Gonzalo Manuel María Bernardo Narciso Alfonso Mauricio de Borbón y Battenberg was born on 24 October 1914 in Madrid, Spain. He was the youngest child of King Alfonso XIII of Spain and Princess Victoria Eugenie of Battenberg. Gonzalo was the youngest grandson of Princess Beatrice of the United Kingdom.

His full name, Gonzalo Manuel María Bernardo Narciso Alfonso Mauricio, was chosen to honor his family heritage, including his uncle, Prince Maurice of Battenberg, who was killed in World War I shortly before Gonzalo's baptism. The prince was educated privately during his childhood. He inherited hemophilia from his maternal lineage, a condition that was not widely recognized in Spain at the time. Despite health issues associated with hemophilia, he participated actively in sports.

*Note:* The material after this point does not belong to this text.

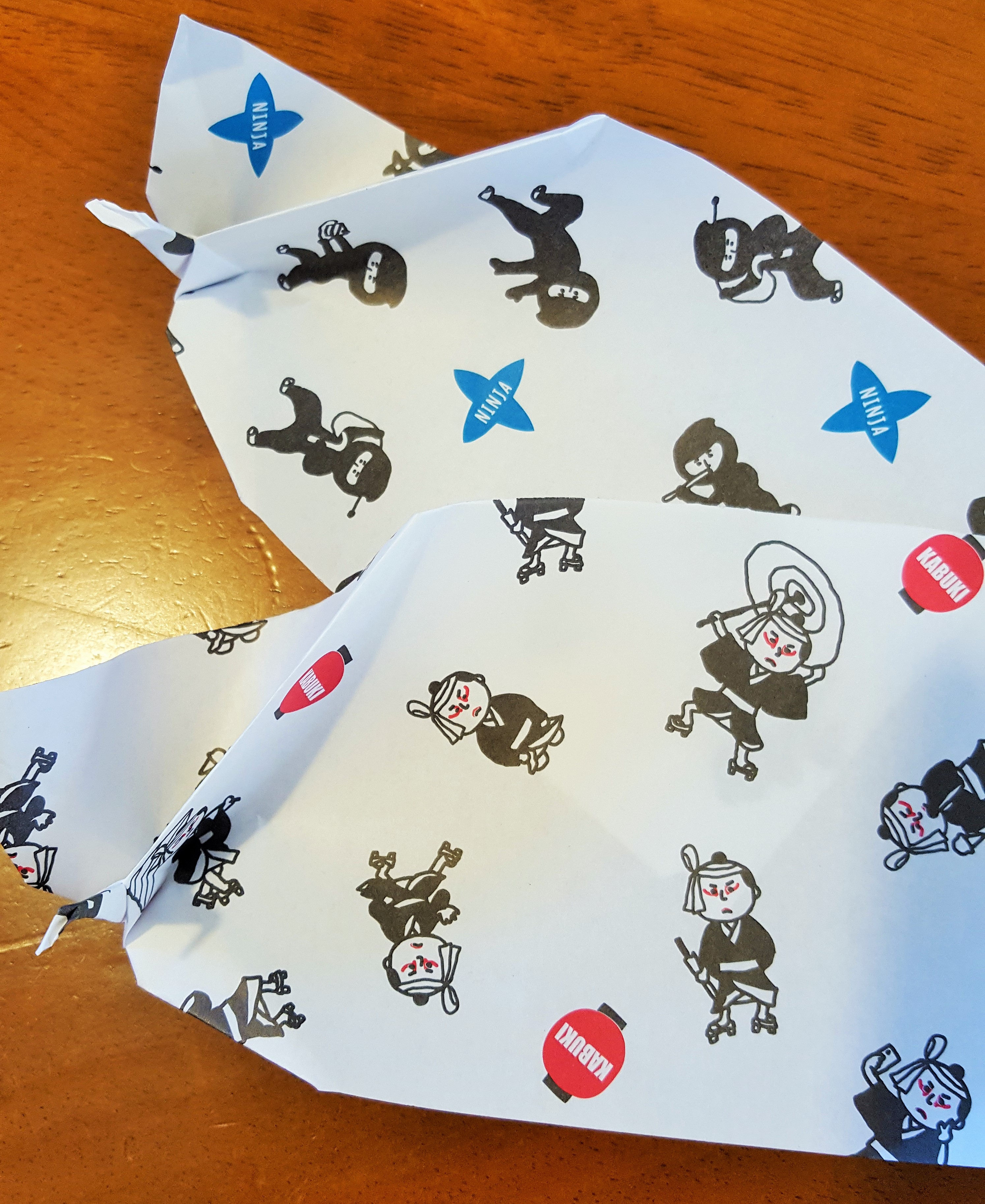 StandardNothing has changed at 大志満 in 高輪, Tokyo. Shin and Mei-Shun visited there after several months, should have said a happy new year. They were guided into 椿=Camellia Room. Of course you are here; blue birdy, we missed you hoping you did us as well. Green vegetable, sashimi, 治部椀, grilled salmon, tempura and rice. Oh, how cute these origami cranes are to hold dessert spoons!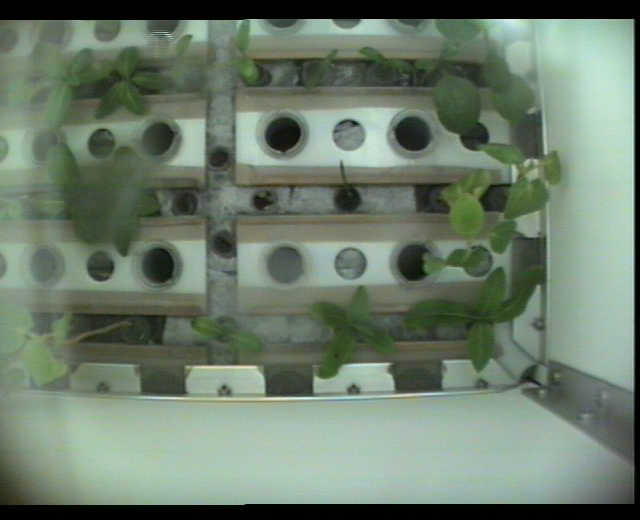 In addition to the numerical data gathered, we are taking periodic pictures of the plants with two miniature video cameras. The cameras are mounted in the ``ceiling'' of the plant-growth chamber (the side with the lights), and their combined field of view covers the entire ``floor'' of the chamber (where the plants are). The NTSC video signals feed to an ANDI-FG board from Ajeco. The ANDI-FG has a 3-input frame grabber, a Motorola 56001 DSP and a megabyte of on-board memory. On request, the ANDI-FG delivers to the host CPU a high-quality JPEG-compressed image. Ajeco has been most helpful, providing a Linux driver and excellent technical support.

Gonzalo held military rank as a private in the Engineering Corps of the Spanish Army. In 1927, he was designated as the 1,166th Knight of the Spanish branch of the Order of the Golden Fleece.

In 1924, at the age of nine, Gonzalo participated in the inauguration of the Estadio Chamartín, the football stadium for Real Madrid, where he kicked the ball of honor and shouted "¡Hala Madrid!".

Following the establishment of the Second Spanish Republic, Gonzalo accompanied his mother into exile on 14 April 1931. He pursued studies in engineering at the Catholic University of Leuven in Belgium, setting aside original plans to study at the University of Madrid.

In August 1934, Gonzalo was on summer holiday with his family at the villa of Count Ladislaus de Hoyos in Pörtschach am Wörthersee, Austria. On the evening of 11 August, Gonzalo and his sister Infanta Beatriz were traveling from Klagenfurt to Pörtschach when their car collided with a wall near Krumpendorf, after Beatriz swerved to avoid a cyclist. While neither appeared severely injured immediately afterward, Gonzalo soon developed severe abdominal bleeding. Due to his hemophilia and resulting weak heart condition, surgery was not performed. Gonzalo died two days later, on 13 August 1934.

His body was initially buried in the graveyard at Pörtschach but was later reinterred in the Pantheon of the Princes in El Escorial, Spain.

Gonzalo's death was reported in contemporary newspapers such as The New York Times and The Times, with accounts of his funeral and condolences expressed from Spain and abroad.